Unfortunately, this phase lasted for the longest time. I was mad in advance at the cruelty of my children, forsaking me for THAT OTHER WOMAN in the future. In my most irrational moments, I even called him SOB in my head as in ME being the Biatch. I said I was being irrational… Yeah, I know. I am going to be the worst mother-in-law in history. I can tell already from the boiling blood inside my skull…
Bargaining: “If I am a better mother, maybe he will not become wayward like this.” “I wonder whether supplying him with more video games will help divert his attention away from girls.”

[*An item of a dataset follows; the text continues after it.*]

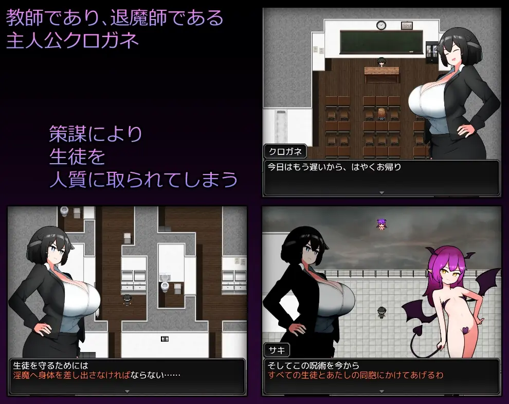 Summary: The main character, Kurogane works as a teacher, in the back, as an exorcist, she fights against the invaders “Inma” of the other world. She has been protecting people. however, due to the inma magic of the superior inma the souls of the students are connected with the lower grade inma. If Inma is hurt, students are also hurt…. Kurogane is forced to obey the inma、 You are forced to choose to offer your body as ”bait”…… Or to fight them and end without any sex acts.

The bargaining goes both ways – Facebook time & privilege has now become a major ACE in my card deck when bargaining with my oldest. I can also threaten him with, “I am going to write on your wall!” <cue evil laughter>
Depression: “Fine. He’s going to leave anyway. He’s going to grow up. My baby….”

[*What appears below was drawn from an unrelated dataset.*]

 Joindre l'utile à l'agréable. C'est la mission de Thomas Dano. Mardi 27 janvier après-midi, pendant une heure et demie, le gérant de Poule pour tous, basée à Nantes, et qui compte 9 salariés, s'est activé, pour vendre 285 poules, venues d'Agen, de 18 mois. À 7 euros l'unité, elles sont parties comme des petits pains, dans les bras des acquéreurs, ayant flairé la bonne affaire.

This phase actually started from the beginning as I alternated between cursing and sobbing, especially when I went through his baby pictures.
Acceptance: “It’s going to be ok. I can deal with this. We can do this. I will survive without killing anybody.”
By talking to people about their “OMG my child is on Facebook” experiences, I learned that there are ways to tame this monster to your own parental advantages. After some trial and errors, Facebook turned out to be not as evil cradle robber as I expected. I can now spy check on my son and see who he is talking to, and what.
All in all, reflecting on this agonizing month, I am glad that I bit my tongue and played it cool. Yes, at the beginning there were a lot of dramas that provided record-high number of WTF moments in one sitting. 6th graders? Lamenting about love lost? Say what? Not to mention the “F” letter scattered throughout the conversations, most of the time unnecessarily. Do you seriously need to use LMFAO? The initial excitement over the “declaration” has apparently worn off. My son’s Facebook status now consists mainly of game score updates. THAT’s my boy.
As I said to my husband, I feel better that my baby still prefers video games to girls. I don’t mind if my boys are geeks. I am sure that Bill Gates’ mom didn’t mind at all. Not one bit.